Dave: We can report and see the average user. We are able to show the what users on, what sites they’re going to, you report that to management and they’re just floored with what they see.
Mike: Something else to worry about.
Steve: Bottom line is you can’t run your business without giving internet to all your employees, so what do you do? You have to make sure that you’re watching what is actually happening when they’re on it. But you can’t take it away these days.
Email Filtering and Management
Mike: We have time for one more category here in our cyber security one-on-one here that we’re looking at form Portsmouth Security Group. How about email filtering and management. People get tons of junk mail, we even get it here at the radio station. I get in my box here. Takes a lot of time to go through it and manage it. What’s the best solution to this? Let’s talk about this for a second.

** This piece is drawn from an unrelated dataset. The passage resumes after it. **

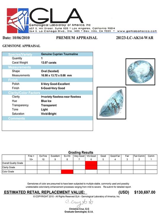 In the event that an item is listed as having an "Appraisal Estimate", this represents WAR's in-house estimate of what the item would appraise for at Gem Labs of America (GLA), Beverly Hills, CA. Actual appraisal of the item at GLA is the responsibility of the Bidder, however WAR may assist, at its discretion, in related logistics. WAR does provide the following guaranty (the "WAR 5% Loose Gem Guaranty") relative to Appraisal Estimate values of LOOSE GEMS: In the event that the GLA appraised value is not such an amount that the Bidder's winning bid is five percent (5%) or less of the GLA appraised value, then WAR, in it's discretion, will either refund such amount of the Bidder's winning bid and related charges so that the winning bid equals five percent (5%) of the GLA appraised value, or, instead issue a full refund on the item and reimburse the Bidder for the GLA appraisal fees. The Bidder may also opt to retain the item, in which case the WAR 5% Gem Guaranty shall not apply relative to the particular item.

Steve: So, most of the times we’ll advise a company to use what we call a cloud-based spam system. So, we’re basically putting this cloud service in front of whatever their email system is. The email can be anything, Gmail, Microsoft mail or any kind of web mail. We’ll put a cloud-based spam system in front of it so that it will filter it out. They’ll get a message every day that tells them what spam got blocked and what didn’t get block and they can release it so that kind of works really well for them.
Mike: Yeah.
Dave: And as you see that mail come through, you might get a domain or a particular site that you want to get to, you can block at a higher level, that way all users won’t get that. But on average, I’ve been at this for a while, I get about 400 in my junk mail a day. But you need to be smart when something comes in, you need to add it to the list that shouldn’t be there so you don’t see it again. It’s just like your mail, it takes time. It’s hard to deal with it, but it’s our job to minimize the risk and get those employees working more.
Mike: You know at one point I enjoyed email. At this point of my life, I don’t know how, I have a little bit less of an agreement with email now.
Dave: Just like texting right now.
Mike: It’s unbelievable how much junk and spam comes through.
Steve: And then the stuff that comes through is just like a memo, it’s do I need that? Uh!
Mike: Good point, good point. Hey thanks guys for coming in Security 101 with Steve and Dave, cyber security experts Dave Hodgdon and Steve Ripper from the Portsmouth Computer Group on Tech Tuesday. They’re going to join us for the next couple of Tuesdays mornings at about 7:40 or so. Thanks for the information. Let’s pass out the website for PCG as well.
Dave: Our pleasure. Please contact us at any time. Our phone number is 603-431-4121 or visit our website at pcgit.com. We’re here to help you.
Mike: All right. Thank you, Steve. Thank you, Dave. Good to see you guys.